Electronic Arts (EA) has taken its first definitive step into dynamic in-game advertising, assigning the sales and management of marketing messages in seven of its titles to two video game ad networks: Microsoft’s Massive Inc. and IGA Worldwide.
The twin agreements, for which terms were not disclosed, may be the biggest sign of the in-game ad market’s maturation since Microsoft acquired Massive earlier this year. EA is the world’s largest video game publisher by many measures. The company reported 2005 revenues of $3.1 billion, and will release 20 games during the upcoming holiday season. Its portfolio includes the game franchises “Need for Speed,” “Madden NFL Football,” “The Sims,” “FIFA Soccer” and “Harry Potter.”
The Massive deal is particularly noteworthy as it marks one of the first attempts at dynamic ad serving in the console gaming environment, as opposed to PC-based online gaming. Massive will manage advertising in select EA games for Microsoft’s connected Xbox 360 gaming platform, which by the holidays will have an audience “running into seven figures on a reach basis,” according to Massive CEO Mitch Davis.
Massive Inc. will sell and traffic ads in EA’s “Need for Speed Carbon” to start, and IGA Worldwide will represent “Battlefield 2142.” Another five games, as yet unannounced, will be split between the two networks. EA declined to identify all the titles it’s committed to serving ads in, but said it would work with other networks.
“These two deals are the first steps in the process of building out the infrastructure behind in-game advertising,” Chip Lange, EA’s VP of online commerce, told ClickZ News. “Our business strategy includes multiple partners… Expect more deals like this in the future.”
EA previously inserted static, hard coded ads into its games. Those were sold on a sponsorship basis, since the company had no easy way to track impressions and interactions. The sponsorship sales also required early commitments from marketers, as game development cycles take from one to two years.
“The flexibility that the dynamic business brings to the advertiser opens up a wider number of advertising opportunities,” said Lange. “No longer do you kneed to have your ads up six months in advance. Instead of selling brands, we can sell the product of the day.”
The company will maintain an in-house sales operation for brand advertising that involves tighter storyline integration, the inclusion of a car that a game character can actually drive, for example. “We believe that business is sold differently, integrated differently with the studios and requires a different toolset,” he said.

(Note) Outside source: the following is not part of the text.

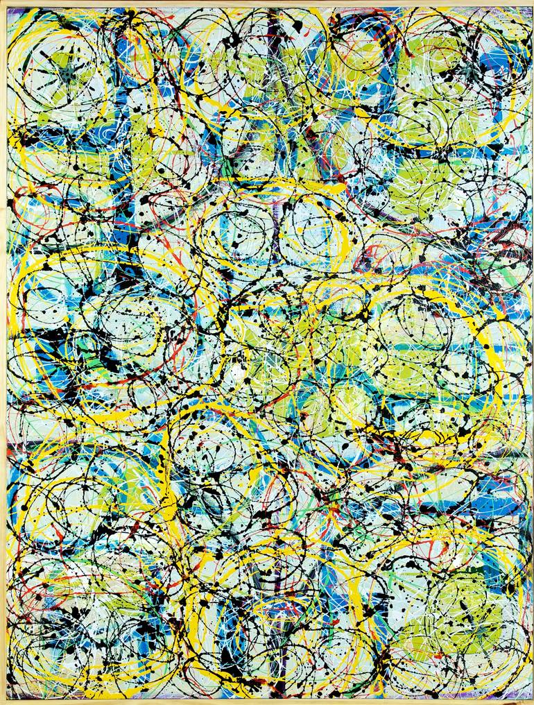" dance " is on canvas has paint dances across the canvas with flow and energy and joy This painting is now on display in Sotheby's Pasadena CC

Massive now represents advertising in 66 games, and will add 30-plus more within six months. Advertisers in the network have included Fox, Warner Bros., Toyota, Kraft and Unilever. The company has not disclosed its total audience reach.
“We have a level of robustness in our network,” said chief executive Davis. “Ultimately, advertisers buy based on the reach of your network and the quality of your programming. We’re seeing very substantive growth in the in-game advertising market, just because we’re delivering on those two key factors.”

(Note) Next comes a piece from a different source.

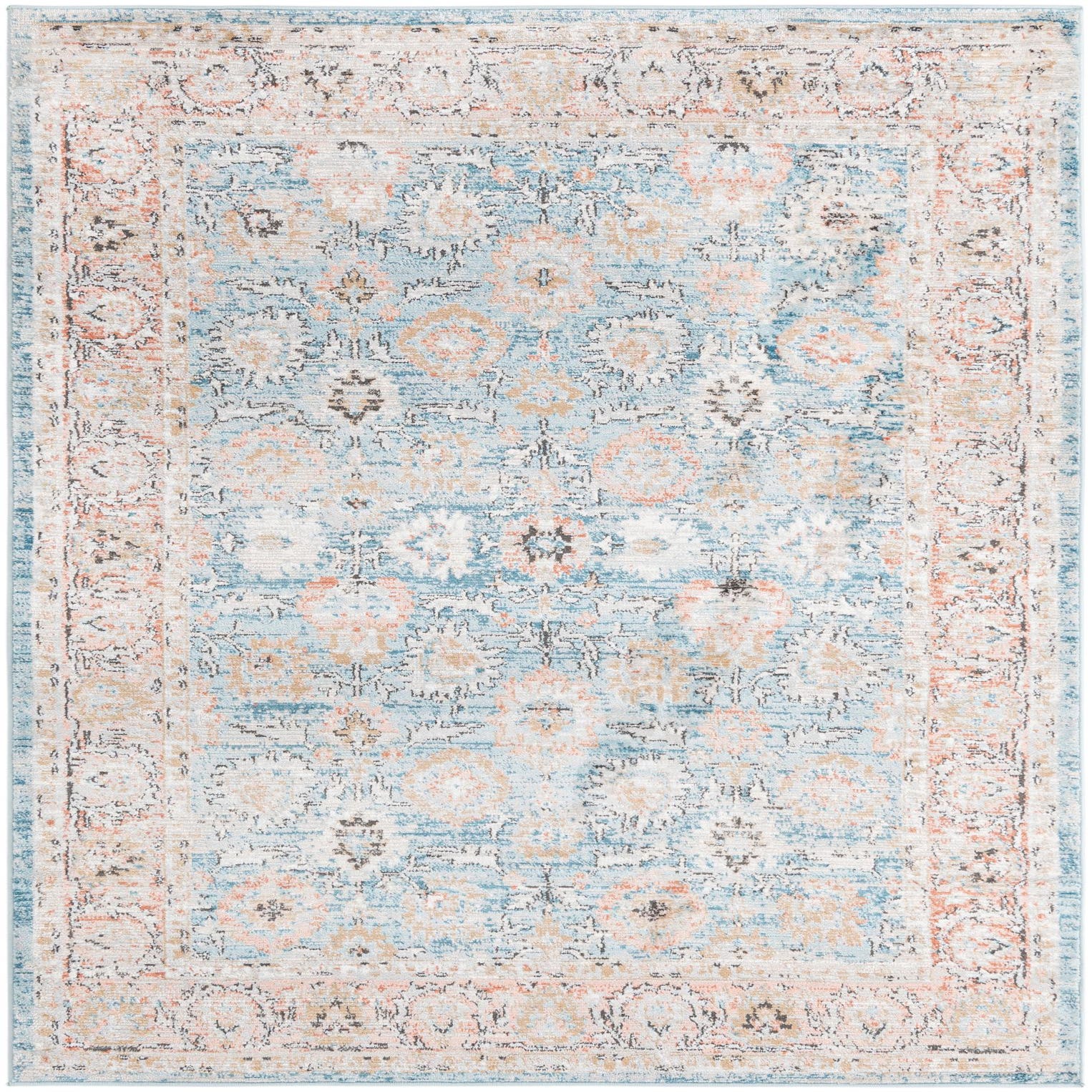 Primary color is Blue. Colors in this rug include: Blue, Gray, Ivory, Light Blue, Navy Blue, Terracotta.

IGA Worldwide, an independent company, said its deal with EA would add “hundreds of millions” of impressions to its network, which has so far served under five billion impressions. The company is on the short list of providers of ad management and reporting for game environments.
IGA’s chief executive, Justin Townsend, said he expects publishers like EA to earmark more inventory for dynamic sales and management as they gain experience with it. “The industry is embryonic,” he said. “As the publishers become more comfortable with in-game advertising and see how the deals are integrated and serviced, then will be the time to make a more informed decision about offering more games from their portfolio.”
It’s difficult to gauge the worth of in-game ad partnerships like those announced yesterday by EA. Advance payments and guarantees are common for such relationships, as networks bid aggressively to work with game publishers — of which there are few relative to online media. “You do tend to see in some advertising mediums, there are upfronts and guaranteed advances,” said IGA’s Townsend. “It’s not really odd that that would happen in the in-game advertising industry. However there’s a fine line for negotiating a reasonable guarantee for any medium.”
The inclusion of Microsoft’s Xbox 360 console in EA’s advertising platforms begs the question of what EA will provide for ad insertion in other gaming platforms. Sony, for example, will release its Playstation 3 by the holidays. Lange declined to say whether the company expected to traffic dynamic placements there. “A lot of people are talking to them. As the online penetration rate picks up with that platform, it becomes a valuable business area.”